Getting a Regular Expression URL Domain

Question

Getting a Regular Expression URL Domain

I am trying to get the domain of a given URL. For example, http://www.facebook.com/someuser/ will return facebook.com . This URL can be specified in the following formats:

https://www.facebook.com/someuser (www. is optional but should be ignored)
www.facebook.com/someuser (http: // not required)
facebook.com/someuser
http://someuser.tumblr.com → you need to return tumblr.com only

I wrote this regular expression:

/(?: \.|\/{2})(?: www\.)?([^\/]*)/i

But it does not work as I expect.

I can do it in parts:

Remove http:// and https:// if they are on the line, with string.delete "/https?:\/\//i" .
Remove www. using string.delete "/www\./i" .
Get a domain with a match and /(\w+\.\w+)+/i

But this will not work with subdomains. String for testing:

 https://www.facebook.com/username http://last.fm/user/username www.google.com facebook.com/username http://sub.tumblr.com/ sub.tumblr.com

I need this to work with as little memory and shore handling as possible.

Any ideas?

+6

string url ruby regex parsing

Fábio perez Jul 25 '11 at 22:28

source share

6 answers

This works for me: /^h?t?t?p?s?:?\/?\/?w?w?w?\.?(.*\.[AZ]{2,})+[AZ\/]/i It will always provide you with only a part of the domain. Take a look at this: http://rubular.com/r/0hudnJSgVT

To use it, create such a method, I put it in my helpers so that I have access to them in the views.

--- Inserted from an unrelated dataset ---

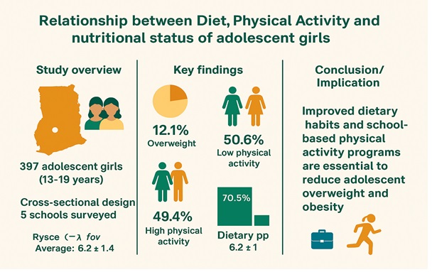 Background and Objectives: The prevalence of overweight and obesity among adolescent girls has become a major public health concern worldwide. Several factors serve as predictors of overweight: eating habits, dietary intake, and physical activity. However, the complex relationship between diet, physical activity, and nutritional status in these adolescent girls remains poorly understood. Materials and Methods: A cross-sectional study was conducted among a representative sample of adolescent girls between the ages of 13 to 19 years in the Sagnarigu Municipal. Data on dietary intake, physical activity, and nutritional status were collected using structured questionnaires and anthropometric measurements. Results: Physical activity and dietary intake were significantly associated with BMI for age (wasted, overweight, obese). However, the Dietary Diversity Score (DDS) had no significant relationship with BMI for age. Conclusions: The results suggest that the physical activity and dietary intake of the participants were significantly associated with the nutritional status of the girls. Intervention research aimed at improving school-aged adolescent girls' nutritional status should also be implemented; policies to improve the school environment and encourage students to make healthy food choices should be enforced.

 def website_url(website_url) if website_url[/^h?t?t?p?s?:?\/?\/?w?w?w?\.?(.*\.[AZ\/]{2,})$/i] website_id = $1 end %Q{http://#{ website_id }} end

+2

gabo Oct 11 '11 at 10:40

source share

Do I need to be a regular expression? You can also do this.

 require 'uri' yourURL = URI.parse('https://www.facebook.com/username') print yourURL.host

+1

citizen conn Jul 25 '11 at 10:32

source share

You can use this regex:

 /(\w+\.\w{2,6})(?:\/|$)/

0

Paulpro Jul 25 '11 at 10:38

source share

If you really wanted to use regex, you can try something line by line:

 test_string.scan(/\w+\.\w+(?=\/|\s|$)/) { |match| do_stuff_with(match) }

This would not take into account domain names, for example something.co.uk, but it would match everything in your test string.

0

pbaumann Jul 25 '11 at 23:27

source share

I created a String class function using the Open Class method for my purpose .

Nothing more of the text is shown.